## The data

----------

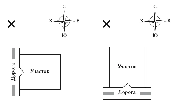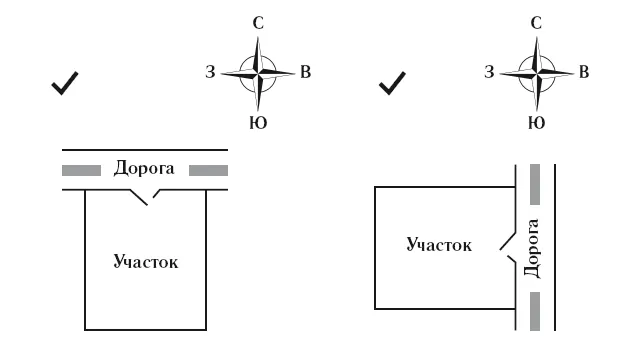 Также обращайте внимание на то, с какого направления света проходит подъездная дорога к участку. Дорога со стороны севера или востока благоприятна (рис. 1), дорога со стороны юга или запада неблагоприятна (рис. 2).
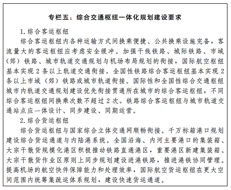 (三)建设多层级一体化国家综合交通枢纽系统
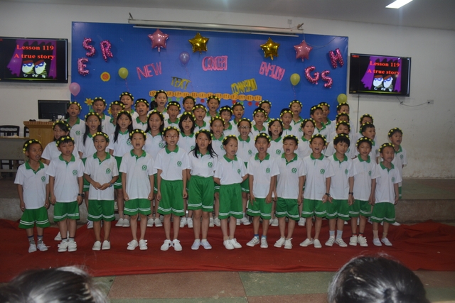 6月4日晚上,凝聚力战斗力极强的四年级在学校报告厅举行了一次精彩的英语课文背诵及表演节目。
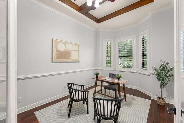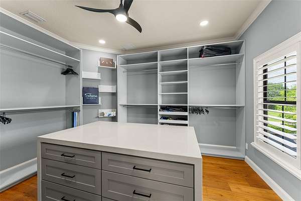 - Built-In Features, Ceiling Fans(s), Coffered Ceiling(s), Crown Molding, Eat-In Kitchen, High Ceilings, Kitchen/Family Room Combo, Open Floorplan, Primary Bedroom Main Floor, Primary Bedroom Upstairs, Solid Wood Cabinets, Stone Counters, Walk-In Closet(s), Window Treatments

----------

## Task to complete
Set down all the data again exactly as above, pictures excluded.

## Solution to this task
 Также обращайте внимание на то, с какого направления света проходит подъездная дорога к участку. Дорога со стороны севера или востока благоприятна (рис. 1), дорога со стороны юга или запада неблагоприятна (рис. 2).
 (三)建设多层级一体化国家综合交通枢纽系统
 6月4日晚上,凝聚力战斗力极强的四年级在学校报告厅举行了一次精彩的英语课文背诵及表演节目。
 - Built-In Features, Ceiling Fans(s), Coffered Ceiling(s), Crown Molding, Eat-In Kitchen, High Ceilings, Kitchen/Family Room Combo, Open Floorplan, Primary Bedroom Main Floor, Primary Bedroom Upstairs, Solid Wood Cabinets, Stone Counters, Walk-In Closet(s), Window Treatments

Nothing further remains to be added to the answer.